→ Exercise objective
Exclude the pictures and repeat all of the data exactly.

*** Material provided ***

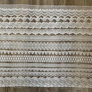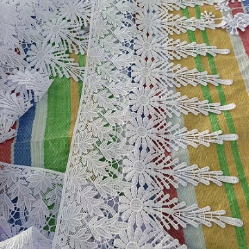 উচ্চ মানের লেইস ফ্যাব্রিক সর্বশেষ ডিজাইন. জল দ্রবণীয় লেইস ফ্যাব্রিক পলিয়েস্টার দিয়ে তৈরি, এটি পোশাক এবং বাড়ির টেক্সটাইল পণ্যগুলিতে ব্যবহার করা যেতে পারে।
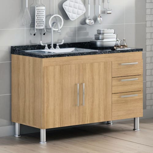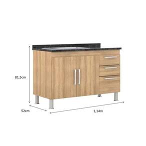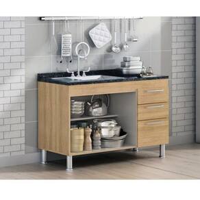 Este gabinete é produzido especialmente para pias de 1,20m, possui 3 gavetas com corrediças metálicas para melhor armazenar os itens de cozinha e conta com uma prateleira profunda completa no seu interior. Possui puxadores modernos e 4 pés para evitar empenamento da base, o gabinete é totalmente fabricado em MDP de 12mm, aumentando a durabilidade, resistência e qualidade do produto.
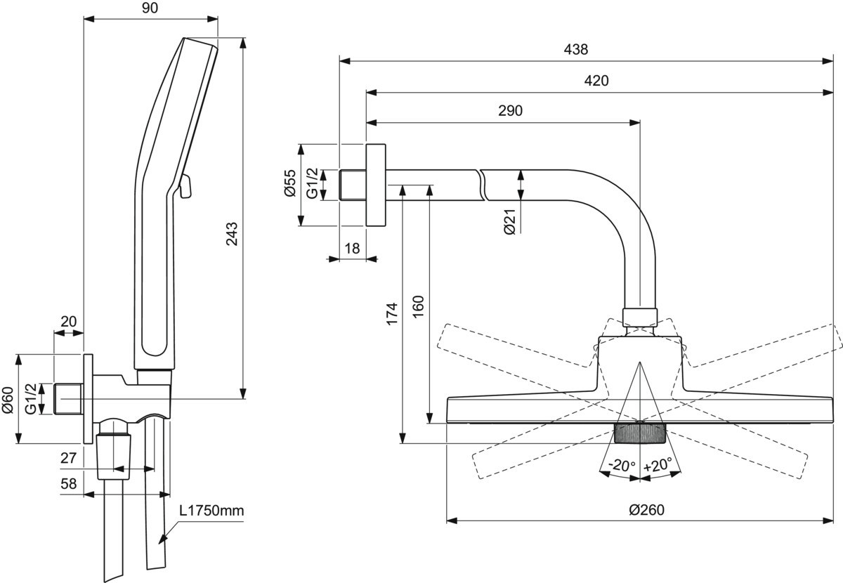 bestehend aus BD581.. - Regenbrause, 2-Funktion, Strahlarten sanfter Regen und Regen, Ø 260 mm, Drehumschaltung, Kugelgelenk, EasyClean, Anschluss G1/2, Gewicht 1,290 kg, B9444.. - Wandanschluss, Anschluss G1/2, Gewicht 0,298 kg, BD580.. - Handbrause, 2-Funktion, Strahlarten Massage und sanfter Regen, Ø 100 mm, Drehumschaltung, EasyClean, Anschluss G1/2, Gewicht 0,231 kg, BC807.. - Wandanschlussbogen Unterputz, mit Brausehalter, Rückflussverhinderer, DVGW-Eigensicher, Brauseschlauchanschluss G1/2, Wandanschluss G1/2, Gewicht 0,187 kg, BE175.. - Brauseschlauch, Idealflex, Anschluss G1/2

***

→ Written response
 উচ্চ মানের লেইস ফ্যাব্রিক সর্বশেষ ডিজাইন. জল দ্রবণীয় লেইস ফ্যাব্রিক পলিয়েস্টার দিয়ে তৈরি, এটি পোশাক এবং বাড়ির টেক্সটাইল পণ্যগুলিতে ব্যবহার করা যেতে পারে।
 Este gabinete é produzido especialmente para pias de 1,20m, possui 3 gavetas com corrediças metálicas para melhor armazenar os itens de cozinha e conta com uma prateleira profunda completa no seu interior. Possui puxadores modernos e 4 pés para evitar empenamento da base, o gabinete é totalmente fabricado em MDP de 12mm, aumentando a durabilidade, resistência e qualidade do produto.
 bestehend aus BD581.. - Regenbrause, 2-Funktion, Strahlarten sanfter Regen und Regen, Ø 260 mm, Drehumschaltung, Kugelgelenk, EasyClean, Anschluss G1/2, Gewicht 1,290 kg, B9444.. - Wandanschluss, Anschluss G1/2, Gewicht 0,298 kg, BD580.. - Handbrause, 2-Funktion, Strahlarten Massage und sanfter Regen, Ø 100 mm, Drehumschaltung, EasyClean, Anschluss G1/2, Gewicht 0,231 kg, BC807.. - Wandanschlussbogen Unterputz, mit Brausehalter, Rückflussverhinderer, DVGW-Eigensicher, Brauseschlauchanschluss G1/2, Wandanschluss G1/2, Gewicht 0,187 kg, BE175.. - Brauseschlauch, Idealflex, Anschluss G1/2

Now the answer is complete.